- _Problem statement_
Going through the data below, please show each line containing the string "with".

- _Input for this task_
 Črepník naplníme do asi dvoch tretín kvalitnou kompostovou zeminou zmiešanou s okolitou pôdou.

* * *

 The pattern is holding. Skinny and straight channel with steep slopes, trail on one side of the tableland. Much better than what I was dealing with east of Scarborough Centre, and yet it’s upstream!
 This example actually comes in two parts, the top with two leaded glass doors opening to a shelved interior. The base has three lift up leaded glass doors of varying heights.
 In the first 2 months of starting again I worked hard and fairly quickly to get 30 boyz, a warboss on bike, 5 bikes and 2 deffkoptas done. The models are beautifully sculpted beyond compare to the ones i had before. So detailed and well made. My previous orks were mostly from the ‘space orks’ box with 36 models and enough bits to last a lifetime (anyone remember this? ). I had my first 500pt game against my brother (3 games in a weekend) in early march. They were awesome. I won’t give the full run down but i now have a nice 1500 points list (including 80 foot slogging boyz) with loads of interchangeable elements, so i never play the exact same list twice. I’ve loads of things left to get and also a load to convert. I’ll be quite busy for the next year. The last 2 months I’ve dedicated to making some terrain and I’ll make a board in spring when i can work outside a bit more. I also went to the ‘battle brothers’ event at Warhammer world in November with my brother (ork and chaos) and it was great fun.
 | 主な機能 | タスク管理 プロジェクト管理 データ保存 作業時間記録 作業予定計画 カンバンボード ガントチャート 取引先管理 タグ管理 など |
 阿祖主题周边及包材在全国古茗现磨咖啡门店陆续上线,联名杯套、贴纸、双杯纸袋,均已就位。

==

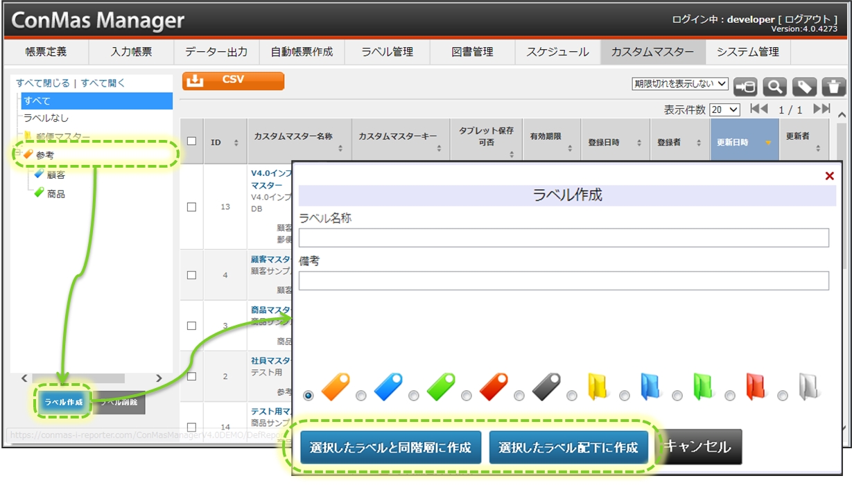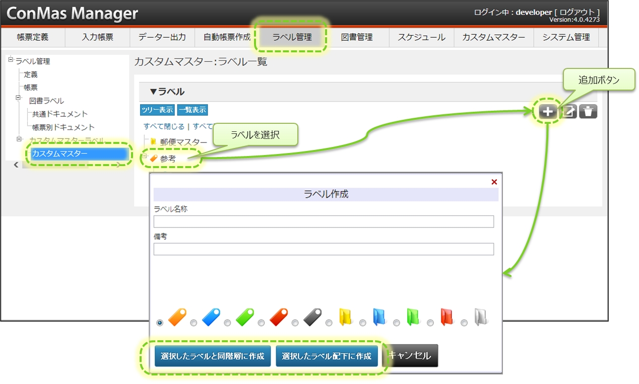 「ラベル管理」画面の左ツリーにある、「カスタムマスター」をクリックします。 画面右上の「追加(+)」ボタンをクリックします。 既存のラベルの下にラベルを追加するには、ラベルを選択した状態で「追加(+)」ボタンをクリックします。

- _Result_
 The pattern is holding. Skinny and straight channel with steep slopes, trail on one side of the tableland. Much better than what I was dealing with east of Scarborough Centre, and yet it’s upstream!
 This example actually comes in two parts, the top with two leaded glass doors opening to a shelved interior. The base has three lift up leaded glass doors of varying heights.
 In the first 2 months of starting again I worked hard and fairly quickly to get 30 boyz, a warboss on bike, 5 bikes and 2 deffkoptas done. The models are beautifully sculpted beyond compare to the ones i had before. So detailed and well made. My previous orks were mostly from the ‘space orks’ box with 36 models and enough bits to last a lifetime (anyone remember this? ). I had my first 500pt game against my brother (3 games in a weekend) in early march. They were awesome. I won’t give the full run down but i now have a nice 1500 points list (including 80 foot slogging boyz) with loads of interchangeable elements, so i never play the exact same list twice. I’ve loads of things left to get and also a load to convert. I’ll be quite busy for the next year. The last 2 months I’ve dedicated to making some terrain and I’ll make a board in spring when i can work outside a bit more. I also went to the ‘battle brothers’ event at Warhammer world in November with my brother (ork and chaos) and it was great fun.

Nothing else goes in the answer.